WHAT YOU NEED TO DO: Would you repeat the listing below exactly, with no pictures in it?
--- THE DATA Enclosed Below ---
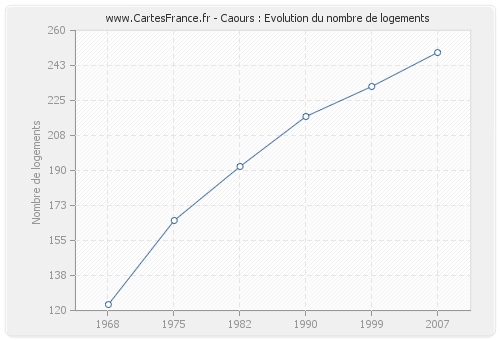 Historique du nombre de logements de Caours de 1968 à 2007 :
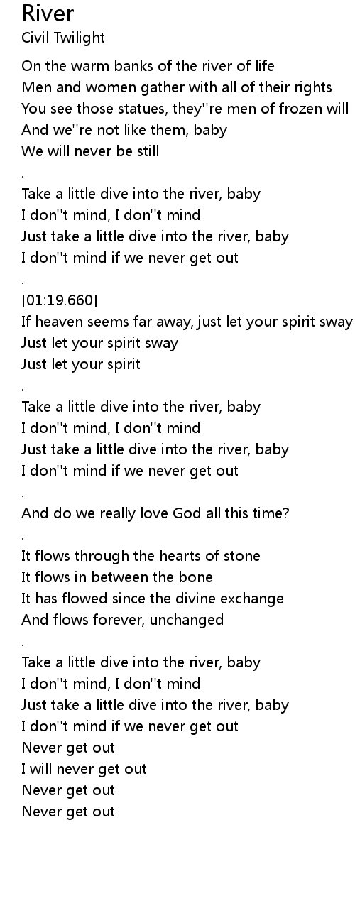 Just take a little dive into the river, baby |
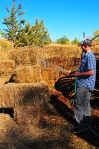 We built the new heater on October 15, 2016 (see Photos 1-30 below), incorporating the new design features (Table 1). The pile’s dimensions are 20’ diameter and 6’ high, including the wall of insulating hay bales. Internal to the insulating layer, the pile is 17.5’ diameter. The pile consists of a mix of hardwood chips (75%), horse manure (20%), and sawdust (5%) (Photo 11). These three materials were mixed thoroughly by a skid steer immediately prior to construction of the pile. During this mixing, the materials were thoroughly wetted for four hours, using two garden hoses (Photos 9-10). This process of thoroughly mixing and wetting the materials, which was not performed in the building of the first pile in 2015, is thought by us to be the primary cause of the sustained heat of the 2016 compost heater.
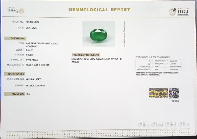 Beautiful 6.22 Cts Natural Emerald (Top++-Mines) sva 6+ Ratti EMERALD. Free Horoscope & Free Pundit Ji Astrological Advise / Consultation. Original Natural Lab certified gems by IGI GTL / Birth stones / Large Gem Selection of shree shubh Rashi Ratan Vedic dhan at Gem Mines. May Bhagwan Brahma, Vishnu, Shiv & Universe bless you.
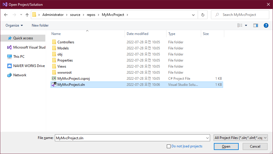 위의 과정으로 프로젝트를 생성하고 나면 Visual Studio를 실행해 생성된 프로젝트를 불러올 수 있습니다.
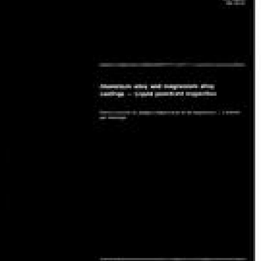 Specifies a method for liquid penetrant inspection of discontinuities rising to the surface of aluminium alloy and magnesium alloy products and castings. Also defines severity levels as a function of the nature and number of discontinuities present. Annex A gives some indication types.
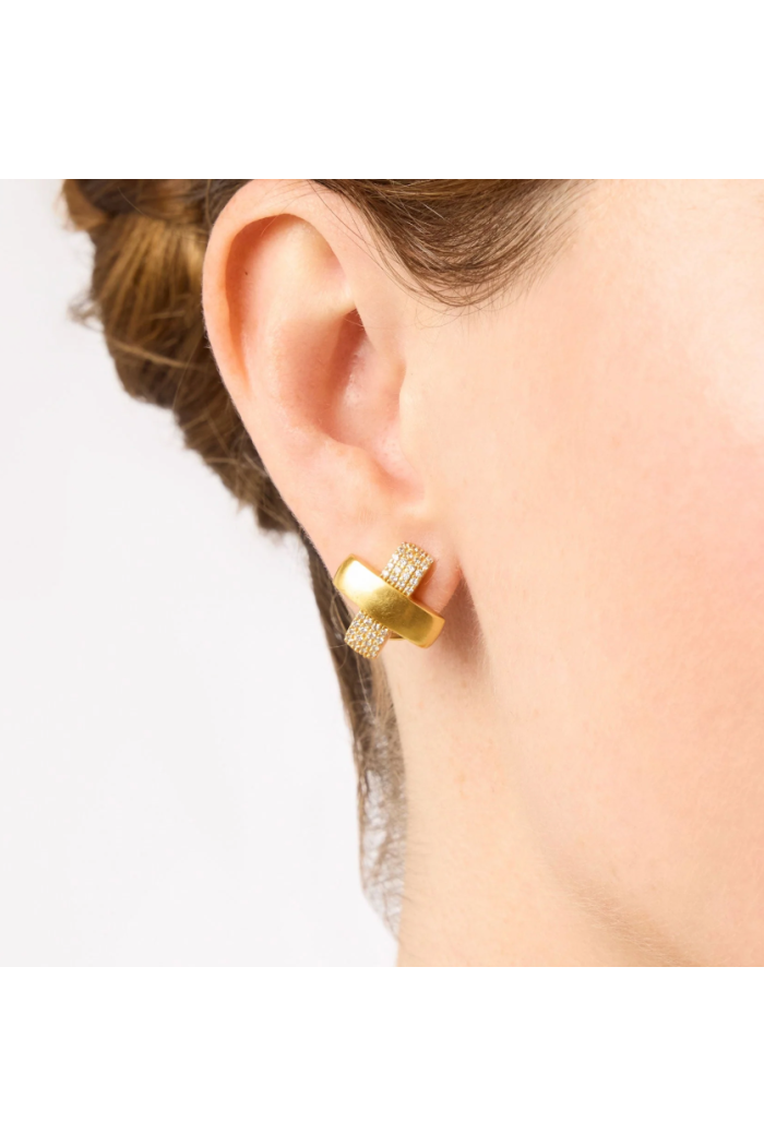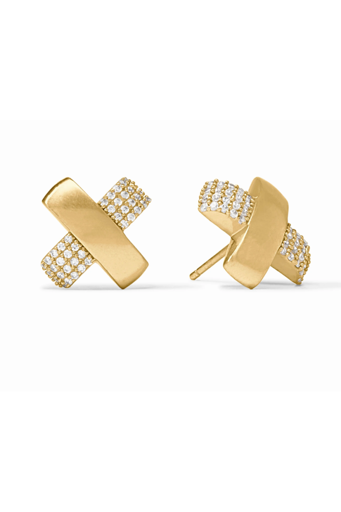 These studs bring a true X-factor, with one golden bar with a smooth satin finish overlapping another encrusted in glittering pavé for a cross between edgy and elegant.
--- End of Enclosed THE DATA ---
RESPONSE TO THIS TASK:
 Historique du nombre de logements de Caours de 1968 à 2007 :
 Just take a little dive into the river, baby |
 We built the new heater on October 15, 2016 (see Photos 1-30 below), incorporating the new design features (Table 1). The pile’s dimensions are 20’ diameter and 6’ high, including the wall of insulating hay bales. Internal to the insulating layer, the pile is 17.5’ diameter. The pile consists of a mix of hardwood chips (75%), horse manure (20%), and sawdust (5%) (Photo 11). These three materials were mixed thoroughly by a skid steer immediately prior to construction of the pile. During this mixing, the materials were thoroughly wetted for four hours, using two garden hoses (Photos 9-10). This process of thoroughly mixing and wetting the materials, which was not performed in the building of the first pile in 2015, is thought by us to be the primary cause of the sustained heat of the 2016 compost heater.
 Beautiful 6.22 Cts Natural Emerald (Top++-Mines) sva 6+ Ratti EMERALD. Free Horoscope & Free Pundit Ji Astrological Advise / Consultation. Original Natural Lab certified gems by IGI GTL / Birth stones / Large Gem Selection of shree shubh Rashi Ratan Vedic dhan at Gem Mines. May Bhagwan Brahma, Vishnu, Shiv & Universe bless you.
 위의 과정으로 프로젝트를 생성하고 나면 Visual Studio를 실행해 생성된 프로젝트를 불러올 수 있습니다.
 Specifies a method for liquid penetrant inspection of discontinuities rising to the surface of aluminium alloy and magnesium alloy products and castings. Also defines severity levels as a function of the nature and number of discontinuities present. Annex A gives some indication types.
 These studs bring a true X-factor, with one golden bar with a smooth satin finish overlapping another encrusted in glittering pavé for a cross between edgy and elegant.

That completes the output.